On the DKEFS design fluency test, impaired performance at week 0 was observed in 19.1%, 7.5%, and 3.4% of the PHIV, HEU, and HUU groups, respectively. The prevalence of impairment decreased over time but was higher at each study week in the PHIV youth relative to the HUU youth, with adjusted odds of impairment of 6.78 (95% CI: 2.67 to 17.26); P < 0.001. The prevalence of impairment was also higher in the HEU than the HUU group at each study week, but the difference was shy of statistical significance [aOR = 2.69 (95% CI: 0.96 to 7.50); P = 0.06]. DKEFS verbal fluency followed a similar pattern. Impaired performance at week 0 was observed among 18.2%, 4.5%, and 4.1% among PHIV, HEU and HUU groups, respectively, and the prevalence of impairment was higher in the PHIV youth than both comparison groups at each study week. Compared with the HUU group, the adjusted odds of impairment was significantly higher, aOR 4.75 (95% CI: 1.94 to 11.65; P = 0.001) in the PHIV youth, but not in the HEU youth, aOR = 1.21 (95% CI: 0.41 to 3.59; P = 0.74).

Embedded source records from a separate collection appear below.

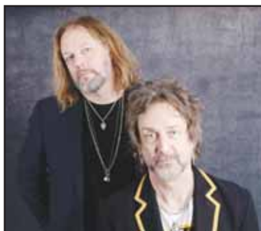
Rich Robinson, (left), and his brother Chris Robinson of The Black Crowes pose for a portrait in Los Angeles on Monday, Dec. 9.

"Well, we did it and we've been successful. And all these years later we wrote these new songs and, boom, here we are," says Chris Robinson. "The validation of that is really unique to us."
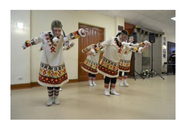
Fig. 19. Nenets dance "Masters" performed by the ensemble "Zindegi" <sup>13</sup>.
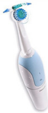
electric toothbrush 電動牙刷
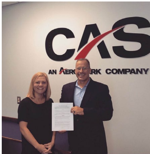
Photo: CAS signs five-year contract with major cargo carrier

Certified Aviation Services (CAS) Components, a leading provider of component overhaul, has signed a five-year agreement with a major cargo carrier. Out of a competitive pool of approved vendors competing for the service contract, CAS was chosen by the air carrier as its preferred component repair shop. This extensive contract requires full coverage on repair and overhaul of high-flow pneumatics, air cycle machines and mechanical accessories. The agreement was specifically assembled to provide higher reliability and reduced turnaround time. In addition, CAS has internally
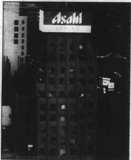
Asahi Breweries, Ltd. has added to the art deco look of Los Angeles with its new four-sided, 4,800 sq. ft. sign 200 feet atop a building in the Miracle Mile area of the city. The sign features two miles of neon and advertises the company's beer.
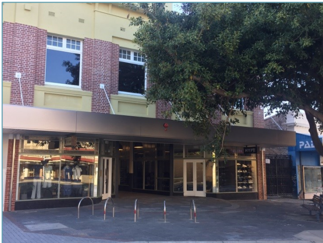
Photograph 1: Entrance to Atwell Arcade
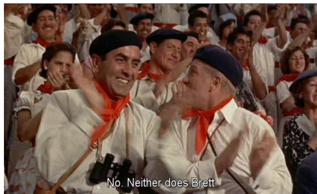
Figure 2, m. 80:23-80:25
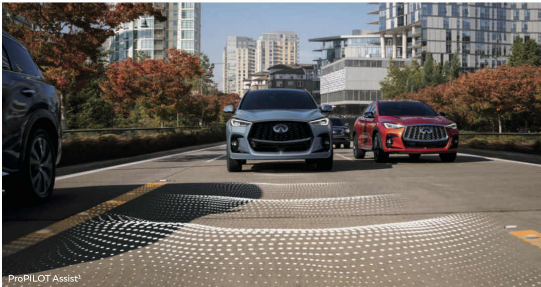
ProPILOT Assist 1
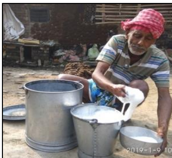
Fig-1: Unhygienic handling of milk
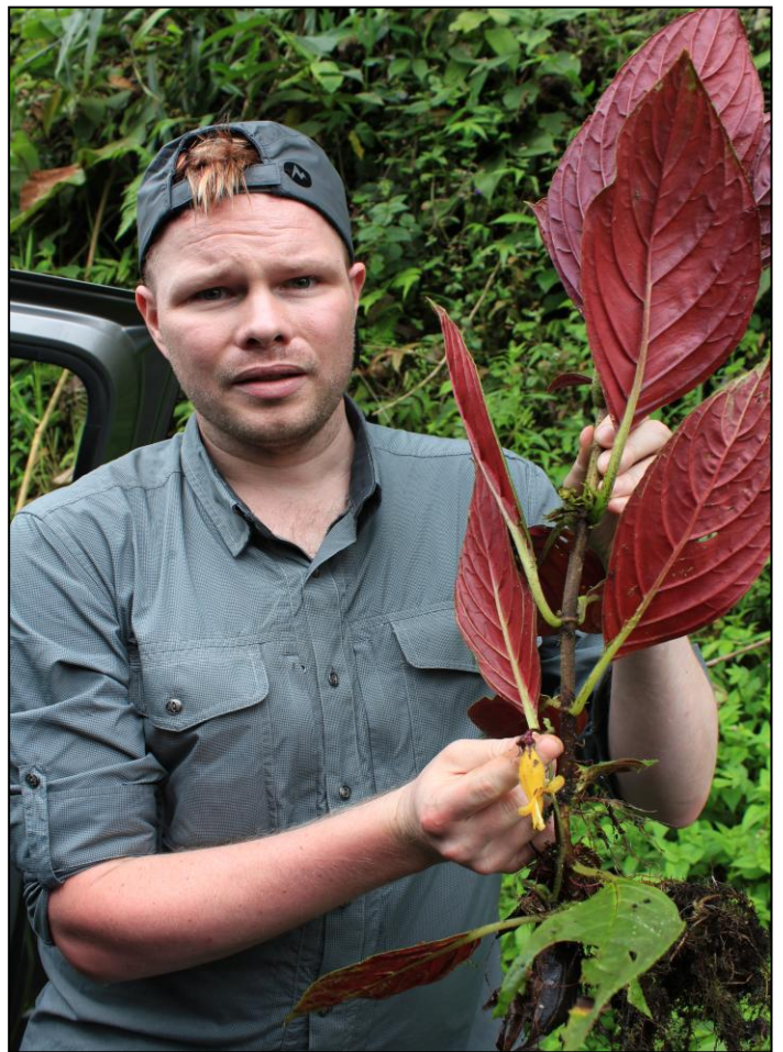
Columnnea leaves bigger than Drew!
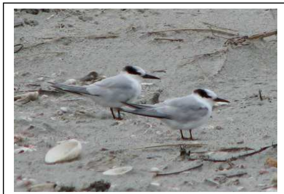
Eastern Little Terns & NZ Dotterel chick East Beach, 11 Dec Kevin Matthews

This will ensure that sightings will be reported to the original flagger promptly, and that no valuable records are lost All flag observations will be acknowledged with a formal flag-sighting report
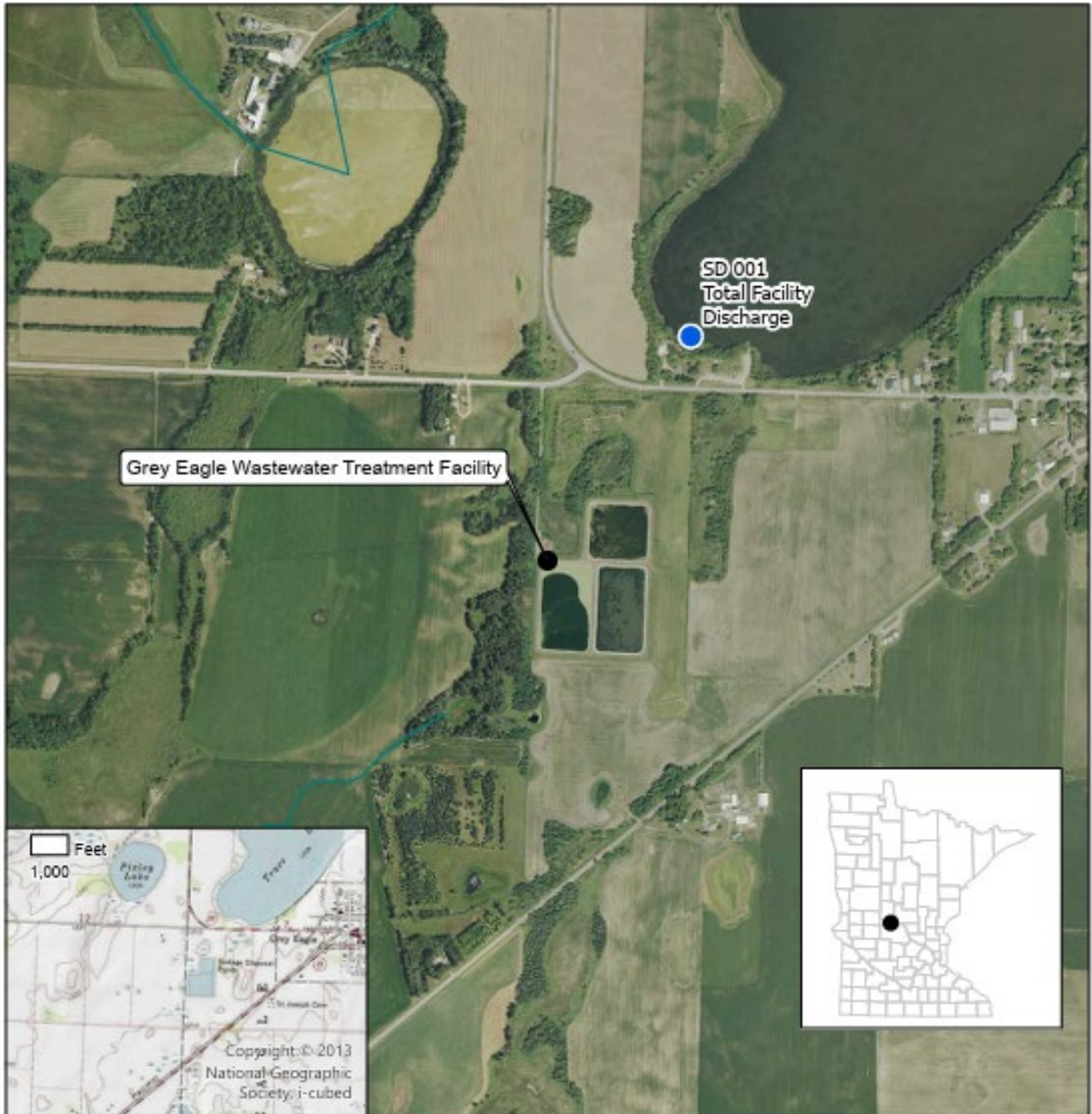
Map produced by: MPCA Staff, 9/9/2025 Scale: 1:12,000
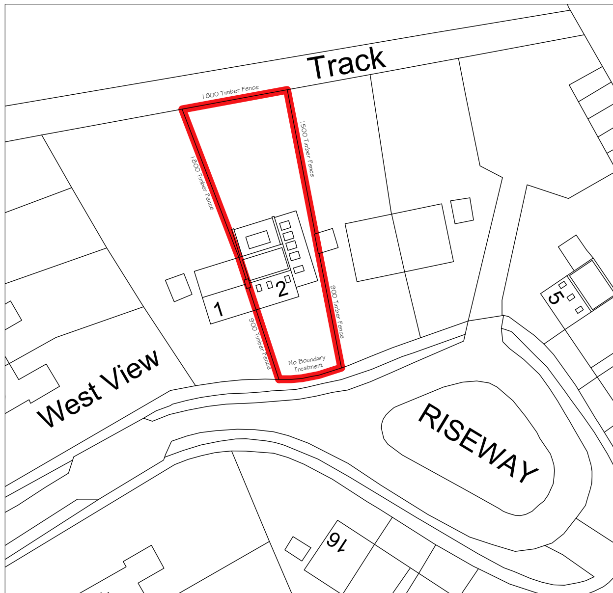
Site Plan As Proposed
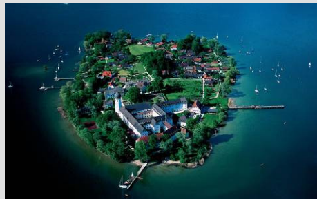
Aerial view of Fraueninsel Island

Prien by the Chiemsee Lake – Prien is a quaint town situated in a lush green valley between the Chiemgau Alps and the shores of Lake Chiemsee (Bavaria's largest lake). Lovers of sports, leisure and cultural activities alike will delight in this attractive town with its flowers and fine examples of Rococo and Baroque art. The nearby Herrenchiemsee Palace, King Ludwig's most lavish and expensive castle, is located on Herrenchiemsee island ("men's island") in the middle of the Lake. The other island in the lake is called Fraueninsel ("women's island"). This island is home to a local population of 200 people, such as artists, craftspeople, fishermen, as well as a fully operational Benedictine Abbey which was founded in 782 AD and is famous for the Cloister Liquor spirit and marzipan which are produced here by the nuns.

Processing Speed and Working Memory
The standard scores and the prevalence of impairment based on z-scores are shown in Table 3tbl3. Processing speed impairment rates, as measured by PSI, were 3.2% in both HUU and HEU and 7.6% in PHIV youth. Although the adjusted odds of impairment were approximately double in PHIV compared with HUU youth [aOR = 1.89 (95% CI: 0.36 to 9.79)], this was not significantly different, but the adjusted mean difference in PSI was significantly lower, indicating poorer performance [−7.9 (95% CI: −13.8 to −2.1); P = 0.008]. Neither impairment rates nor adjusted mean differences in standard PSI scores were significantly different in HEU versus HUU youth. Working memory impairment, as measured by FDI impairment rates, was 12.6% in PHIV and 3.6% in HUU; no youth in the HEU group met criteria for impairment in FDI. The scores showed a similar pattern between groups as with PSI: the adjusted odds of impairment in PHIV versus HUU youth were not significantly different, but the adjusted mean difference in FDI standard scores was significantly lower, indicating poorer performance [−7.8 (−12.9 to −2.6); P = 0.003] among PHIV youth. No HEU youth met criteria for impairment in FDI scores; adjusted mean FDI scores did not differ significantly between the HEU and HUU groups (Table 3).
Table 3.
Neuropsychological tests performed at study enrolment (week 0).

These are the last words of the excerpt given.